Мышь аж подскочила. Она любит простые ответы: или «да», или «нет», а «может быть» считает враньем, вилянием и провокацией.
– Папка, я в тебя сейчас чем-нибудь запущу. Говори быстро, были эльфы или нет!
– Говорю: чтобы точно знать, нужно найти что-то посущественнее каменных ножей. Лучше всего – скелет эльфа, но такие маленькие косточки вряд ли могли сохраниться. А если и сохранились – то кто докажет, что это эльф, а не детеныш обезьяны?
– Значит, надо поймать живого эльфа, и все станет ясно! – нашла выход Мышь.
– Если бы они жили в наше время, то мы бы о них знали, – коротко ответил папа.
Возразить было нечего. Мышь сразу остыла к разговору, повернулась на бок и прижала к груди Веника, готовясь засыпать.
Потолок над перегородкой розовел – это закатное солнце светило в окно Гематогену. На нашей стороне было уже темно. Я спохватился, что давно не слышу старика.
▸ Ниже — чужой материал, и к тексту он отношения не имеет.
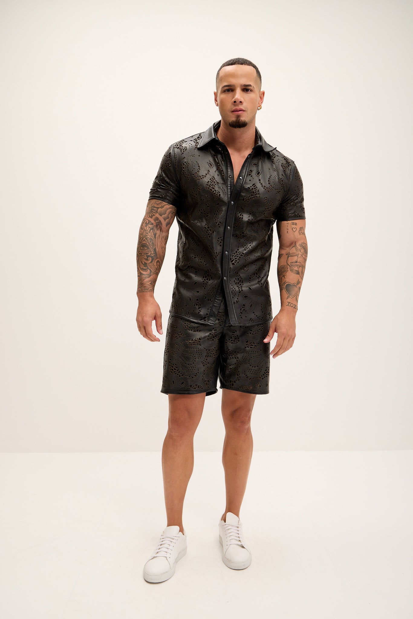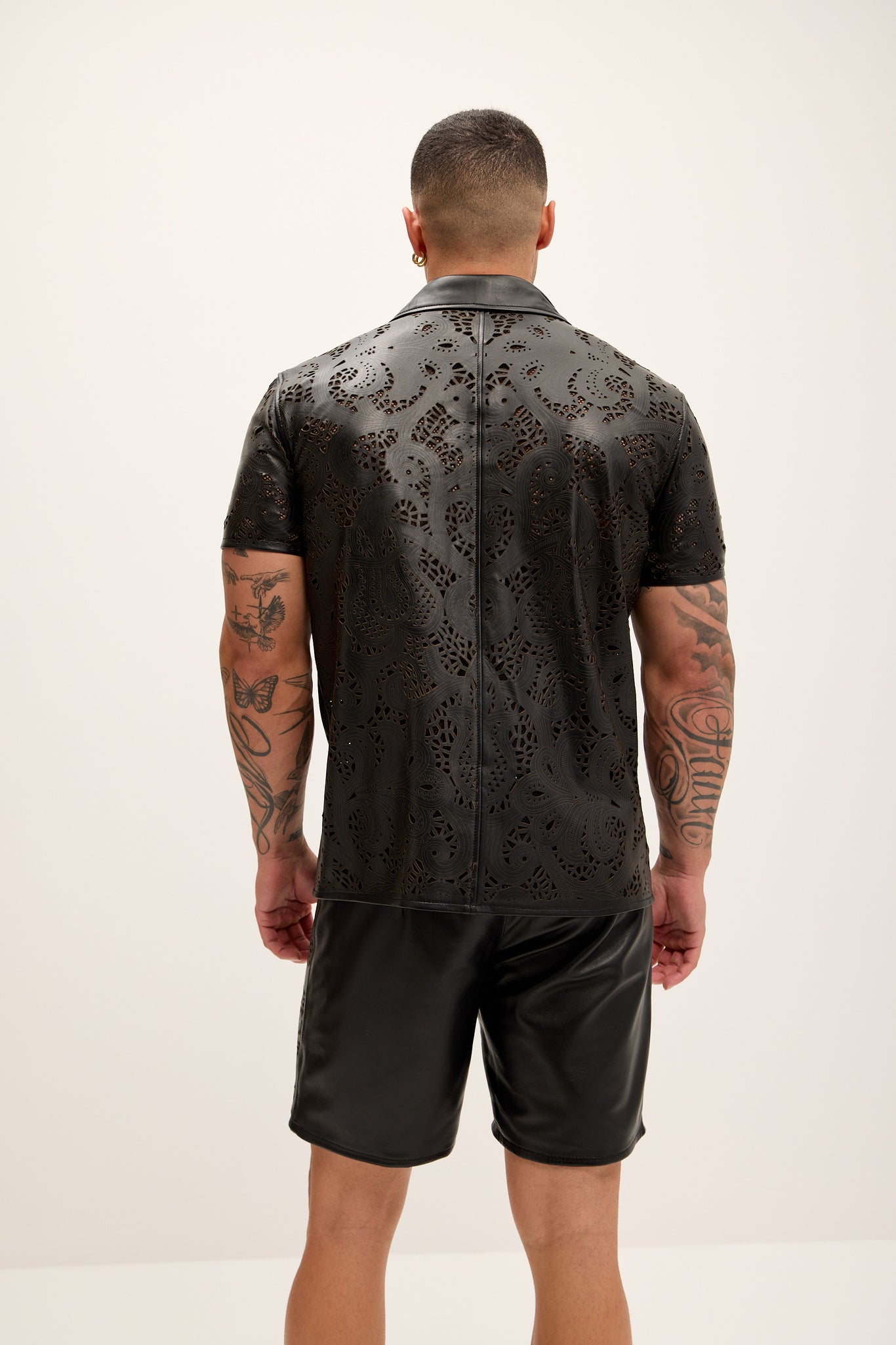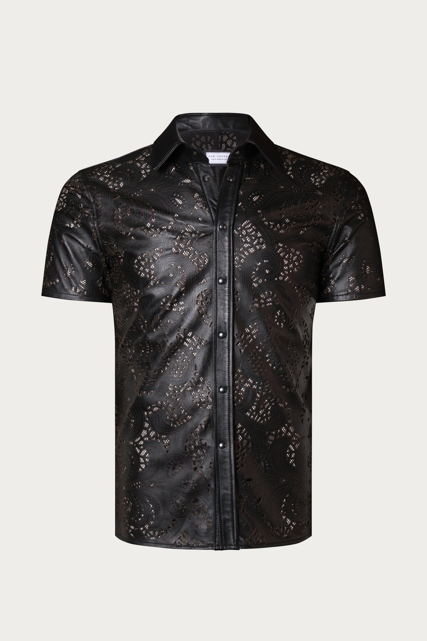 Chemise en cuir véritable à découpes intégrales. Entièrement transparente et non doublée. Coupe ajustée. Surpiqûres apparentes sur le col italien pointu et la patte de boutonnage. Fermeture à boutons-pression.

Тряпок на повязку он себе нарвал, кипятка налил, сейчас должен плескаться. Эти звуки повторялись на закате как по расписанию – судя по всему, он делал травяные ванночки для руки… После необъяснимо долгой паузы Гематогеша заплескался, и я перестал обращать на него внимание.
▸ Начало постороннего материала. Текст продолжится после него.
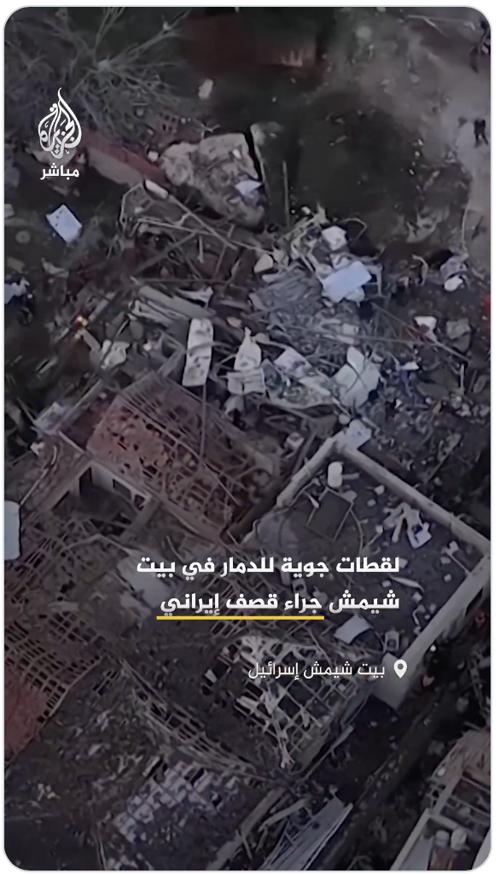 @ajmubasher لقطات جوية تُظهر حجم الدمار في مستوطنة بيت شيمش ومحاولات البحث عن مفقودين، جراء قصفٍ أسفر عن مقتل 9 إسرائيليين وإصابة العشرات https://x.com/ajmubasher/status/2028203105771249677 |
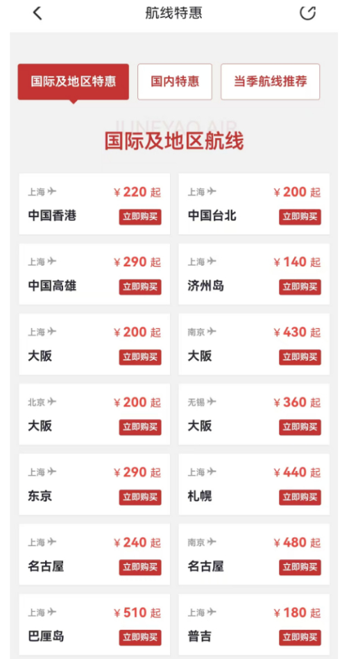 在吉祥航空特惠专区,不少国际及地区航线的价格颇为吸引人。从上海至济州岛不含税的票面价为140元,从上海前往泰国普吉、曼谷、清迈的不含税的票面价在180元至240元不等。
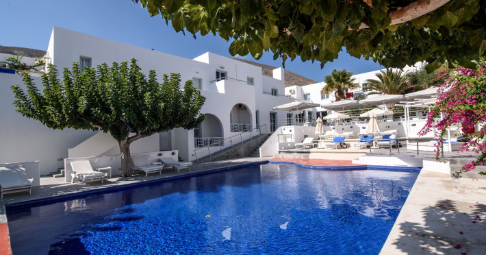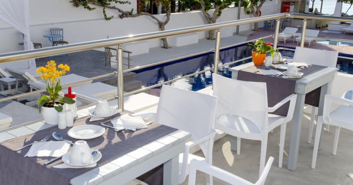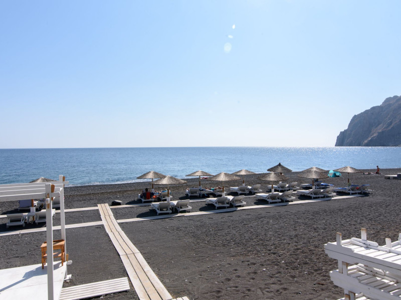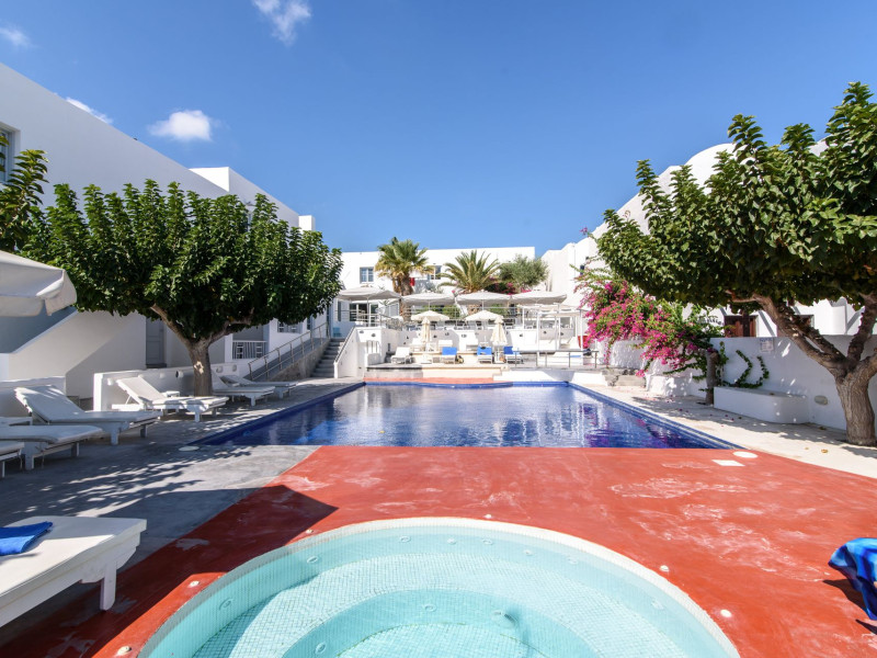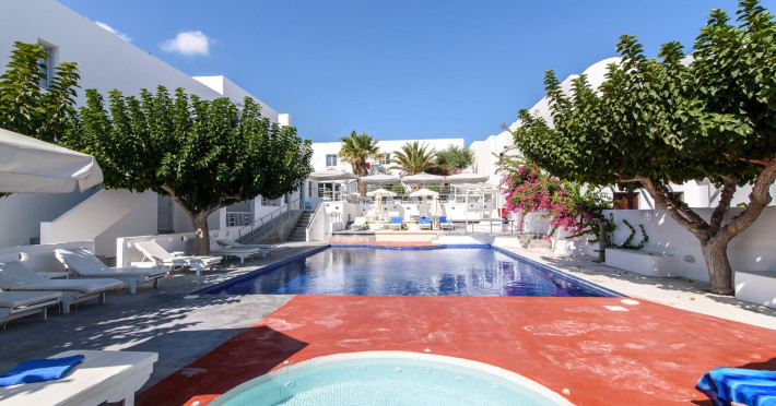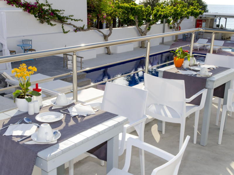 RK BEACH HOTEL **** A fully renovated, in 2013-14, 4 * Boutique Hotel, welcomes you to enjoy privacy, spacious aesthetically decorated rooms and premises along with services provided by our well trained staff.The RK beach Hotel situated on the beach at the center of Kamari Village and with its luxurious chic aesthetic, traditional and unique Cycladic architecture, is ideal for convenient and enjoyable vacations. Exquisitely furnished and elegantly equipped to meet all your needs.Set just on the beach, a short stroll from many restaurants, tavernas, bars and shops, the RK beach Hotel is a popular choice.The hotel’s good-size swimming pool set within its own sun terraces is an excellent alternative to the beach.RK beach Hotel achieves a beautiful balance of comfort, luxury and style. All guests rooms are designed to embody a contemporary minimalist island aesthetic while remaining true to the traditional character and architecture of the Cycladic Islands. All modern amenities and conveniences are provided to ensure an experience of utter comfort, while excellent touches of luxury are added such as Jaccuzzi tubs. We wish you a great accomodation!
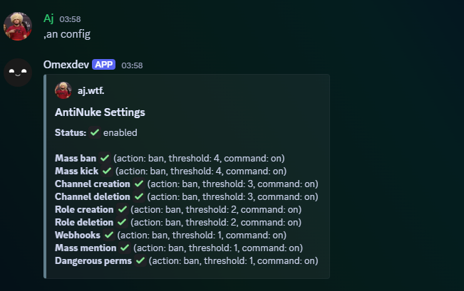 Shows AntiNuke enabled status + each module state and parameters.
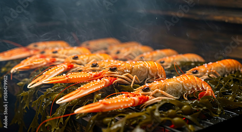 Norwegian Røkt Sjøkreps. langoustines smoking over damp kelp beds, sea salt crust locking in briny flavor, driftwood smokehouse

Ночью Веник взлаивал и бил лапами, переживая собачьи сны. Я взял его к себе, чтобы пес не разбудил Мышку. Она отлично дышала во сне. Без единого хрипа. Когда мы прилетели, у нее в груди как будто взвизгивала губная гармошка, а теперь Мышкины бронхи совсем очистились. Мне пришло в голову, что многие люди болеют, потому что живут не там, где им нужно. А другие, наоборот, могут носить в себе болезнь и даже не подозревать об этом, потому что живут в подходящем для них месте.
Веник тявкнул и ударил меня в живот задними лапами. Я погладил его, прогоняя плохой сон, и заснул сам.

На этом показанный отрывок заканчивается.